**Assigned task:** Write the records below out again word for word, with the pictures removed.
----- Data for review -----
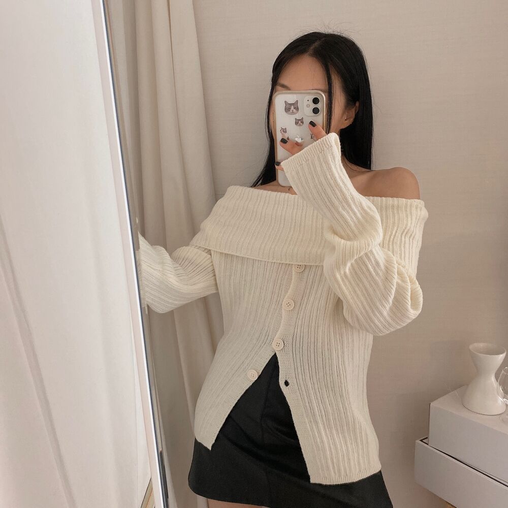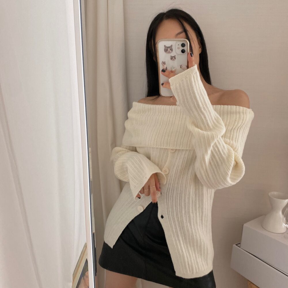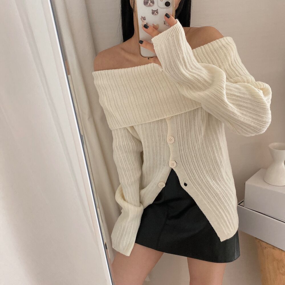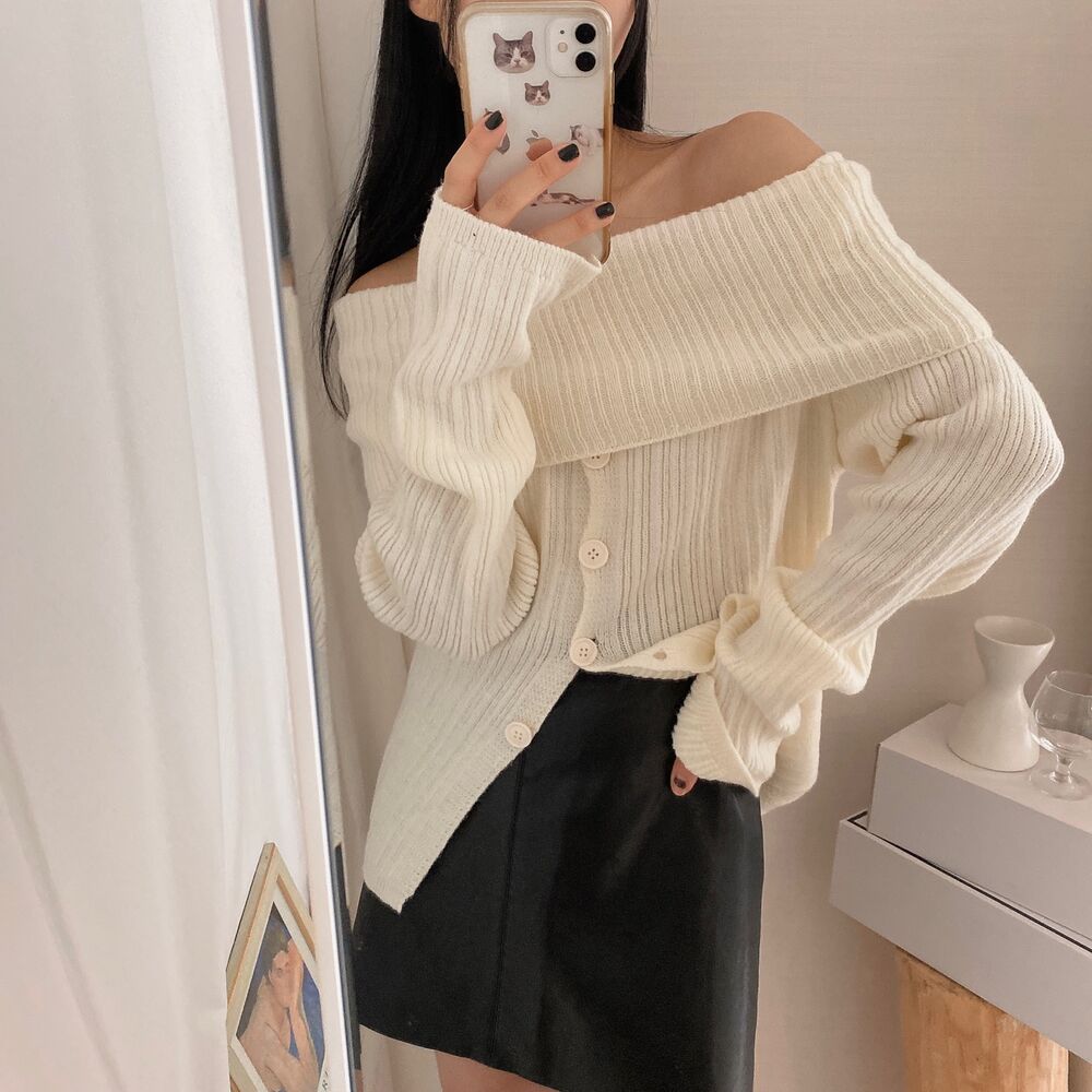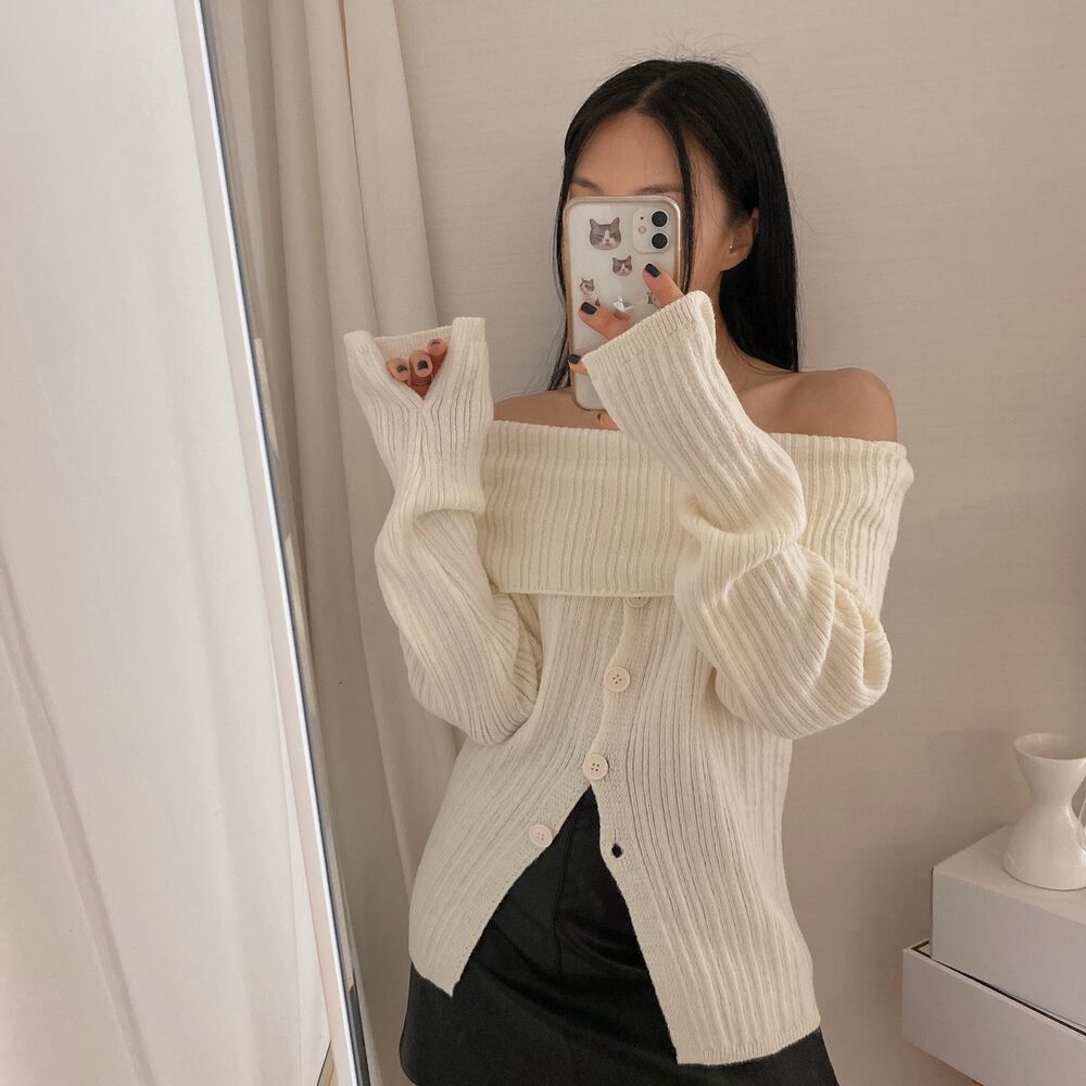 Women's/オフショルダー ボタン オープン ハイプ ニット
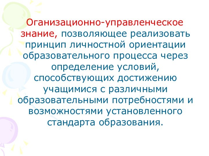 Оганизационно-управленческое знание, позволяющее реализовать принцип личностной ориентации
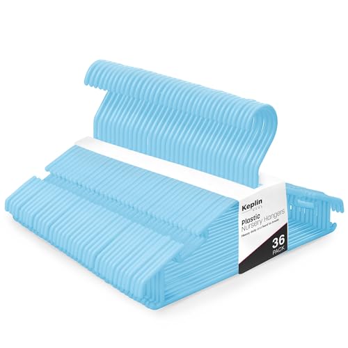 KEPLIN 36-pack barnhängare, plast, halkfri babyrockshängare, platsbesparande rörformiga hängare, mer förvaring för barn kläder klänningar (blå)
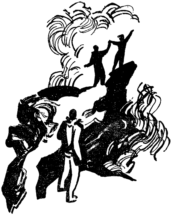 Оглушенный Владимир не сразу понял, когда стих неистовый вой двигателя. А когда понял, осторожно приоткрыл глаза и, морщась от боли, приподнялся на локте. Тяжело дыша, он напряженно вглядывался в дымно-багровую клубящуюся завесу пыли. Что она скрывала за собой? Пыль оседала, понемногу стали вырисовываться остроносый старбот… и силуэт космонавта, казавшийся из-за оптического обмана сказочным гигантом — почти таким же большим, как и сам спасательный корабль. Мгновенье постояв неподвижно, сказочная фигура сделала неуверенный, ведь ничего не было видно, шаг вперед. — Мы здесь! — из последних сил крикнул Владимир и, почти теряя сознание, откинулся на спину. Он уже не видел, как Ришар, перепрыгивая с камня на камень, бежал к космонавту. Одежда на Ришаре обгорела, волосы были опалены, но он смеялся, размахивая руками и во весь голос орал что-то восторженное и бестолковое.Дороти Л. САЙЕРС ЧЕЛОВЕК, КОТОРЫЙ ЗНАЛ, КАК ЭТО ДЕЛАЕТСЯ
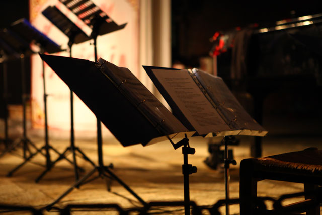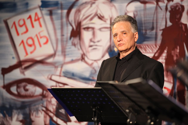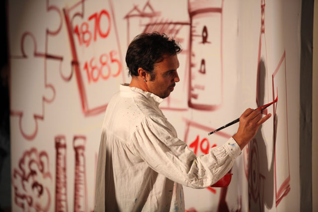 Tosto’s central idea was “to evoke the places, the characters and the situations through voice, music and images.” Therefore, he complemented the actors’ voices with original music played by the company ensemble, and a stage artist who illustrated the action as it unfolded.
-----
**Task solution:**
 Women's/オフショルダー ボタン オープン ハイプ ニット
 Оганизационно-управленческое знание, позволяющее реализовать принцип личностной ориентации
 KEPLIN 36-pack barnhängare, plast, halkfri babyrockshängare, platsbesparande rörformiga hängare, mer förvaring för barn kläder klänningar (blå)
 Оглушенный Владимир не сразу понял, когда стих неистовый вой двигателя. А когда понял, осторожно приоткрыл глаза и, морщась от боли, приподнялся на локте. Тяжело дыша, он напряженно вглядывался в дымно-багровую клубящуюся завесу пыли. Что она скрывала за собой? Пыль оседала, понемногу стали вырисовываться остроносый старбот… и силуэт космонавта, казавшийся из-за оптического обмана сказочным гигантом — почти таким же большим, как и сам спасательный корабль. Мгновенье постояв неподвижно, сказочная фигура сделала неуверенный, ведь ничего не было видно, шаг вперед. — Мы здесь! — из последних сил крикнул Владимир и, почти теряя сознание, откинулся на спину. Он уже не видел, как Ришар, перепрыгивая с камня на камень, бежал к космонавту. Одежда на Ришаре обгорела, волосы были опалены, но он смеялся, размахивая руками и во весь голос орал что-то восторженное и бестолковое.Дороти Л. САЙЕРС ЧЕЛОВЕК, КОТОРЫЙ ЗНАЛ, КАК ЭТО ДЕЛАЕТСЯ
 Tosto’s central idea was “to evoke the places, the characters and the situations through voice, music and images.” Therefore, he complemented the actors’ voices with original music played by the company ensemble, and a stage artist who illustrated the action as it unfolded.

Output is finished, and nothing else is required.